### Your task
Reproduce the listing word for word, leaving every picture behind.
◆ ◆ ◆ ◆
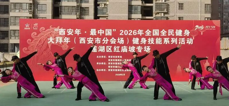 2026年全国全民健身大拜年(西安市分会场)健身技能系列活动2月12日在莲湖区红庙坡专场举行,200余名市民群众热情参与,以运动方式共度健康年、欢乐年。
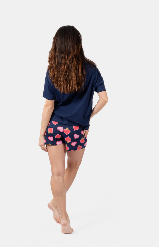 Pyjama femme court et t-shirt col rond oversize - 100% coton - MEXI
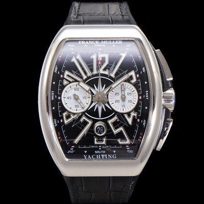 Franck Muller Men's Vanguard Automatic Chronograph Type 7750 44mm Leather Strap Black Dial
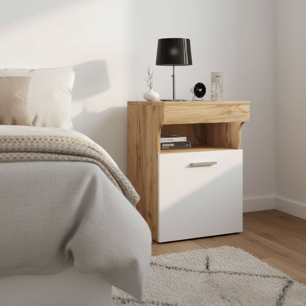 Natbordet har et moderne design med en unik øverste front, der giver møblet karakter. Det er solidt konstrueret med både lukket og åben opbevaring til praktisk brug ved sengen.
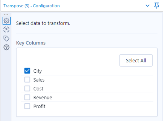 The first step is to choose what we want to group our data by, this is essentially the "key column" option in the transpose tool, where this column won't change and all our data and its values will be grouped for each city
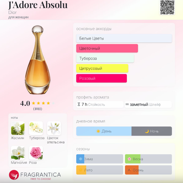 | Средние ноты | Жасмин, Индийская тубероза, Майская роза |
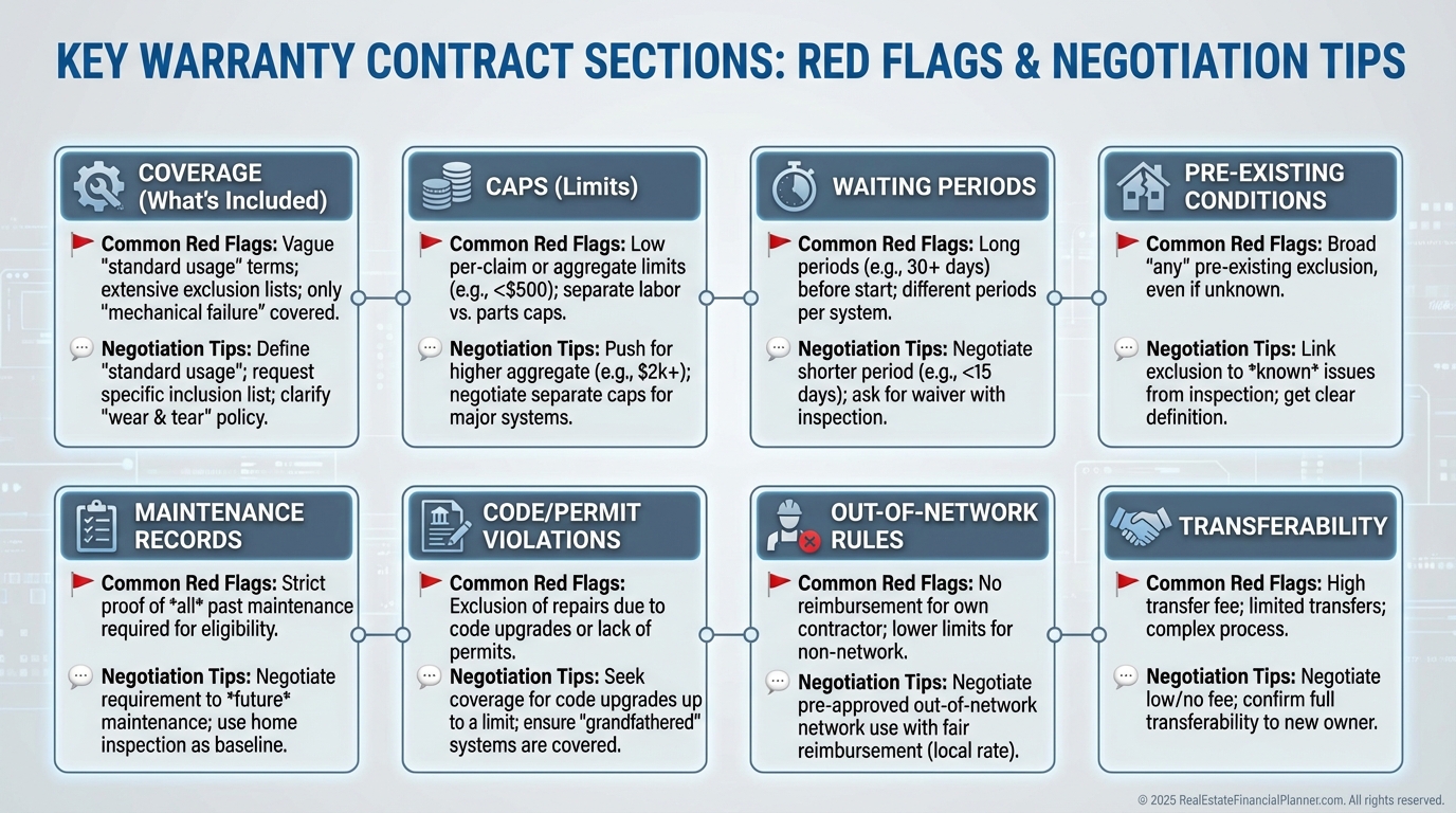 Coverage is real, but caps and exclusions are real too. Most plans cap per-item payouts and exclude code upgrades, improper installs, lack of maintenance, and cosmetic issues.
◆ ◆ ◆ ◆
### Output for this task
 2026年全国全民健身大拜年(西安市分会场)健身技能系列活动2月12日在莲湖区红庙坡专场举行,200余名市民群众热情参与,以运动方式共度健康年、欢乐年。
 Pyjama femme court et t-shirt col rond oversize - 100% coton - MEXI
 Franck Muller Men's Vanguard Automatic Chronograph Type 7750 44mm Leather Strap Black Dial
 Natbordet har et moderne design med en unik øverste front, der giver møblet karakter. Det er solidt konstrueret med både lukket og åben opbevaring til praktisk brug ved sengen.
 The first step is to choose what we want to group our data by, this is essentially the "key column" option in the transpose tool, where this column won't change and all our data and its values will be grouped for each city
 | Средние ноты | Жасмин, Индийская тубероза, Майская роза |
 Coverage is real, but caps and exclusions are real too. Most plans cap per-item payouts and exclude code upgrades, improper installs, lack of maintenance, and cosmetic issues.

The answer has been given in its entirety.